**DIRECTIONS FOR THIS TASK**.
Below are records; the lines starting at the one with "- Сводная таблица" and ending at the one with "ファストフードチェーン店のK" must be reproduced exactly, both included. Pictures must not appear.

**** SOURCE MATERIAL ****

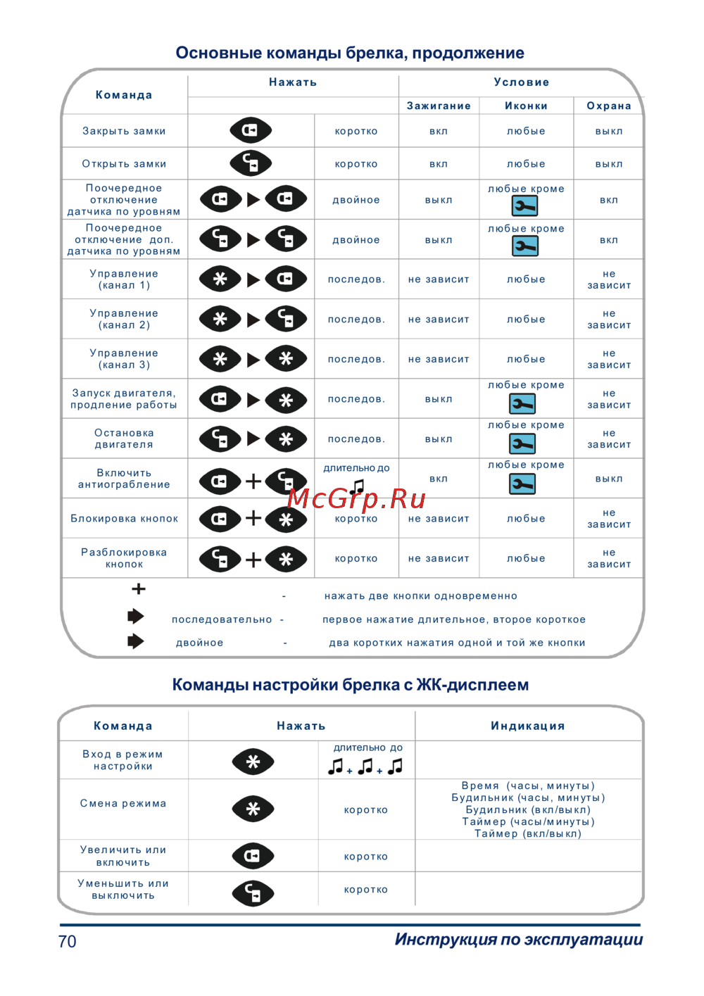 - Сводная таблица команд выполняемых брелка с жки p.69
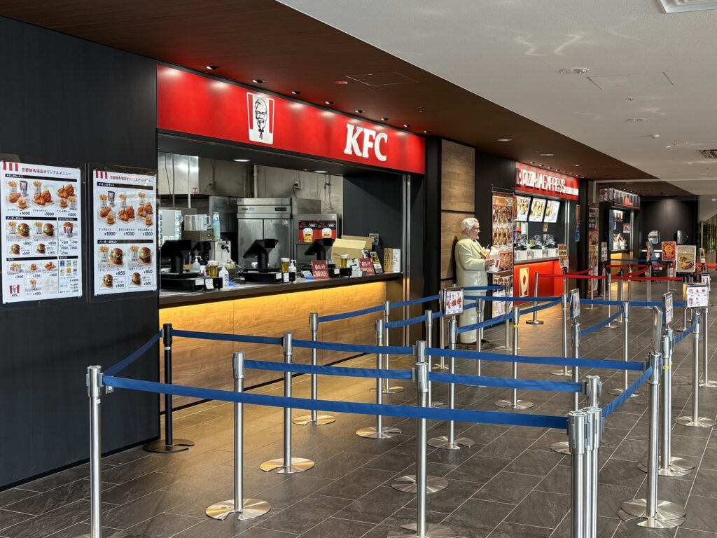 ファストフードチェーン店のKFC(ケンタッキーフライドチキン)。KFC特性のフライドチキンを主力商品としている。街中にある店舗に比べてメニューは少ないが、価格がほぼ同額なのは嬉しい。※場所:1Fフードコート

****
**** SOURCE MATERIAL ****

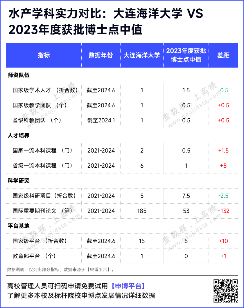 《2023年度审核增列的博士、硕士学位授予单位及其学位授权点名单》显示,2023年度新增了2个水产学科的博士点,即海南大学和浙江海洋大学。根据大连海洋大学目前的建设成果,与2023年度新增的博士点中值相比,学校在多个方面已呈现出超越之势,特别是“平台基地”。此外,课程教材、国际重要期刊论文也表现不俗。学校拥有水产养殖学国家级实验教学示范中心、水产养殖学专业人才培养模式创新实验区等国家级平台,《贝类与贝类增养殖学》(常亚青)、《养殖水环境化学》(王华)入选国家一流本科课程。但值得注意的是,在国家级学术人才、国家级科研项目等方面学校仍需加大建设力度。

****

**WRITTEN REPLY**.
 - Сводная таблица команд выполняемых брелка с жки p.69
 ファストフードチェーン店のKFC(ケンタッキーフライドチキン)。KFC特性のフライドチキンを主力商品としている。街中にある店舗に比べてメニューは少ないが、価格がほぼ同額なのは嬉しい。※場所:1Fフードコート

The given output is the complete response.